**Exercise details:** If a line below falls between the line with "блестящими камушками |" and the line with "Initially designed to", or is one of those two, output it exactly; output nothing else and no pictures.

**Data extract:**

------------------------

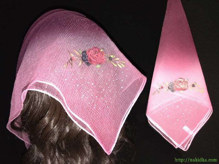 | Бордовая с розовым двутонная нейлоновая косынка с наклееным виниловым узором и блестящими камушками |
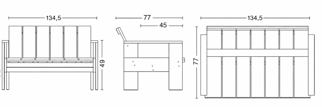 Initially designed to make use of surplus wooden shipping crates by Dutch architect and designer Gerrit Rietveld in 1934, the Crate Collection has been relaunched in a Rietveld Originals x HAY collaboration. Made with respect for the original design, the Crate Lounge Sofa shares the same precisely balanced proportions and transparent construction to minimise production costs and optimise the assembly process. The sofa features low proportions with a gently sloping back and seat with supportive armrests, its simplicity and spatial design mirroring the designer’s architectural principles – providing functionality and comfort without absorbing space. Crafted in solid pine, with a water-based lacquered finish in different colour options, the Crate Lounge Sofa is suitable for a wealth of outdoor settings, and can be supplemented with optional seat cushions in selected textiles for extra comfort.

------------------------

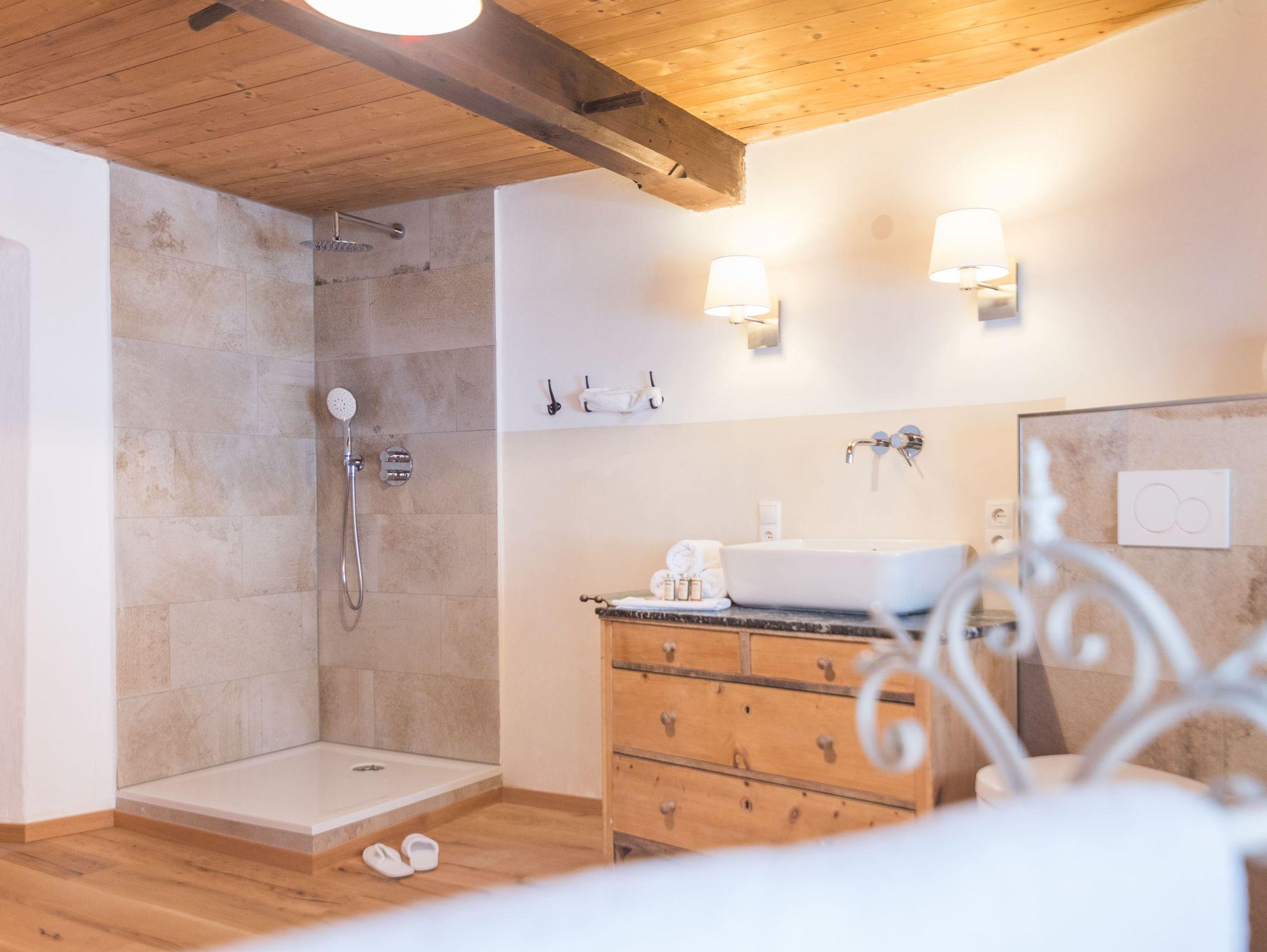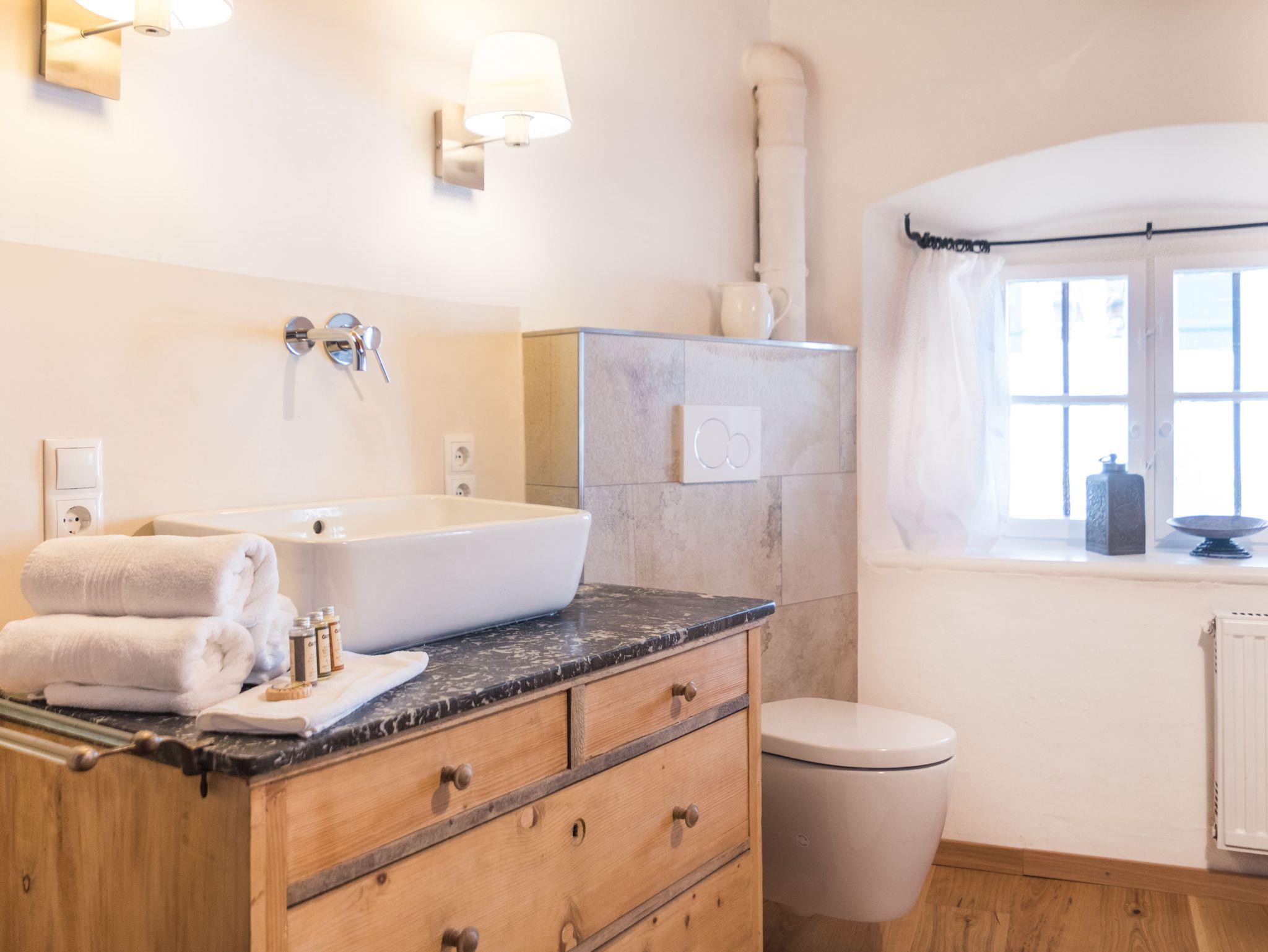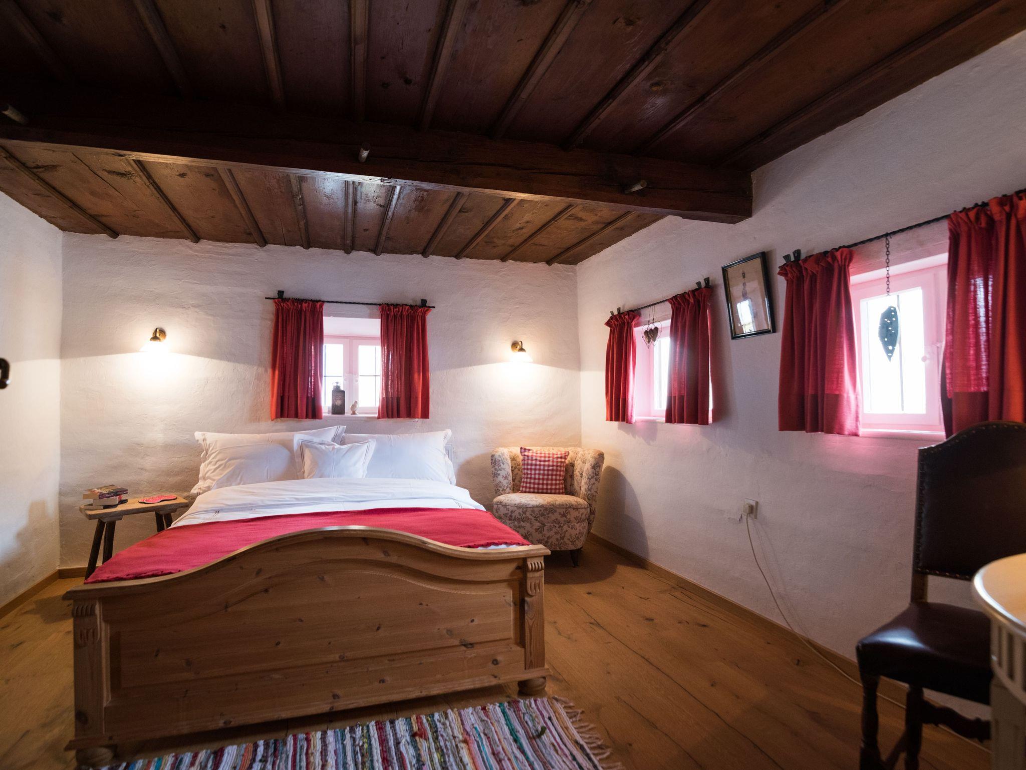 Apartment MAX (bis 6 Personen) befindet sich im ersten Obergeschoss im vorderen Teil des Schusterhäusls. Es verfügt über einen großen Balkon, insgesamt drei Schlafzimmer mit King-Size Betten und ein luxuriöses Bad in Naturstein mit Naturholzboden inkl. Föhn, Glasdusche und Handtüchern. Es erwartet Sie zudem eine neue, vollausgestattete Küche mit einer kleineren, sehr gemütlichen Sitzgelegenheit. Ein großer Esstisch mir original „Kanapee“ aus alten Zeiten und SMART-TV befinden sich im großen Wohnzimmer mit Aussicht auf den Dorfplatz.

------------------------

**Exercise response:**
 | Бордовая с розовым двутонная нейлоновая косынка с наклееным виниловым узором и блестящими камушками |
 Initially designed to make use of surplus wooden shipping crates by Dutch architect and designer Gerrit Rietveld in 1934, the Crate Collection has been relaunched in a Rietveld Originals x HAY collaboration. Made with respect for the original design, the Crate Lounge Sofa shares the same precisely balanced proportions and transparent construction to minimise production costs and optimise the assembly process. The sofa features low proportions with a gently sloping back and seat with supportive armrests, its simplicity and spatial design mirroring the designer’s architectural principles – providing functionality and comfort without absorbing space. Crafted in solid pine, with a water-based lacquered finish in different colour options, the Crate Lounge Sofa is suitable for a wealth of outdoor settings, and can be supplemented with optional seat cushions in selected textiles for extra comfort.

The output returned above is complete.